AWS CloudWatch Logsが出力されない場合のトラブルシューティングでは、ロググループの存在確認、IAMロールの権限確認、CloudWatchエージェントの状態確認、設定ファイルの内容確認、サービス側のログ出力設定確認という順番で調査していくことが重要です。このように順番に確認することで問題の原因を効率的に特定することができます。

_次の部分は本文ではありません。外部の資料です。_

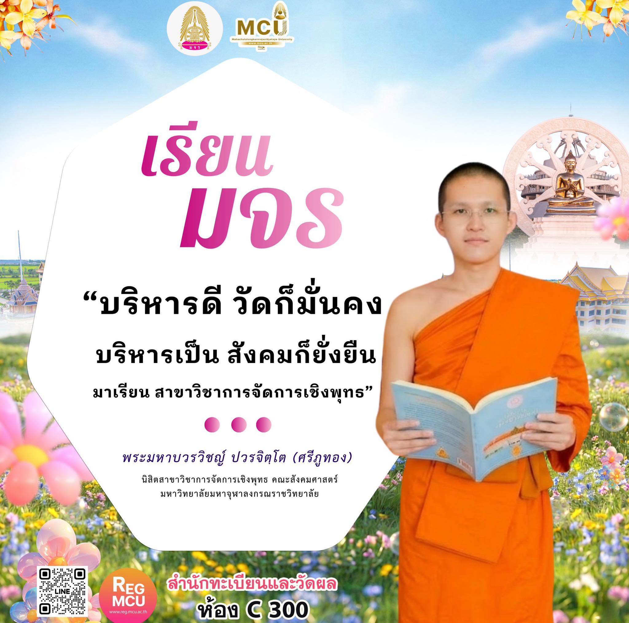 “บริหารดี วัดก็มั่นคง บริหารเป็น สังคมก็ยั่งยืน มาเรียน สาขาวิชาการจัดการเชิงพุทธ”

クラウド環境ではログの監視やログ分析がシステム運用の基礎になります。CloudWatch Logsの仕組みを理解しておくことで、アプリケーションのトラブルシューティングやシステム監視をスムーズに行えるようになります。AWSを使ったシステム開発やインフラ運用を行う場合は、CloudWatch Logsの基本構造とログが出力されないときの確認ポイントをしっかり理解しておくことが大切です。

CloudWatchエージェント状態確認のサンプル


systemctl status amazon-cloudwatch-agent
amazon-cloudwatch-agent.service - Amazon CloudWatch Agent
Active: active (running)

ロググループ送信設定の例


{
 "logs": {
   "logs_collected": {
     "files": {
       "collect_list": [
         {
           "file_path": "/var/log/messages",
           "log_group_name": "ec2-system-log",
           "log_stream_name": "{instance_id}"
         }
       ]
     }
   }
 }
}
先生と生徒の振り返り会話

生徒

今日の記事でCloudWatch Logsが出力されない原因がよく分かりました。ロググループやIAMロールなど、確認するポイントがいくつもあるんですね。

先生

その通りです。AWSのトラブルシューティングでは、どこで問題が発生しているかを順番に確認することが大切です。特にCloudWatch Logsの場合はロググループ、IAMロール、CloudWatchエージェント、ログ設定などを順番に確認していくと原因を特定しやすくなります。

生徒

IAMロールの権限不足が原因になることが多いという話が印象に残りました。権限設定はAWSではとても重要なんですね。

先生

はい。AWSではサービス同士が連携するためにIAMロールを利用します。CloudWatch Logsへログを書き込むためにも適切なポリシーが必要になります。権限が不足しているとログは送信されません。

生徒

EC2の場合はCloudWatchエージェントが必要で、Lambdaは自動でログが出るという違いも理解できました。

先生

いい理解ですね。AWSのサービスごとにログの仕組みは少し違いますが、CloudWatch Logsに集約されるという点は共通しています。ログ管理の仕組みを理解すると運用がとても楽になります。

生徒

これからAWSのトラブルシューティングをするときは、まずCloudWatch Logsを確認して原因を探すようにします。

先生

それがとても大切です。ログにはシステムの状態やエラーの原因が必ず記録されています。CloudWatch Logsを正しく設定し、ログを確認する習慣をつけることでAWSの運用スキルは大きく向上します。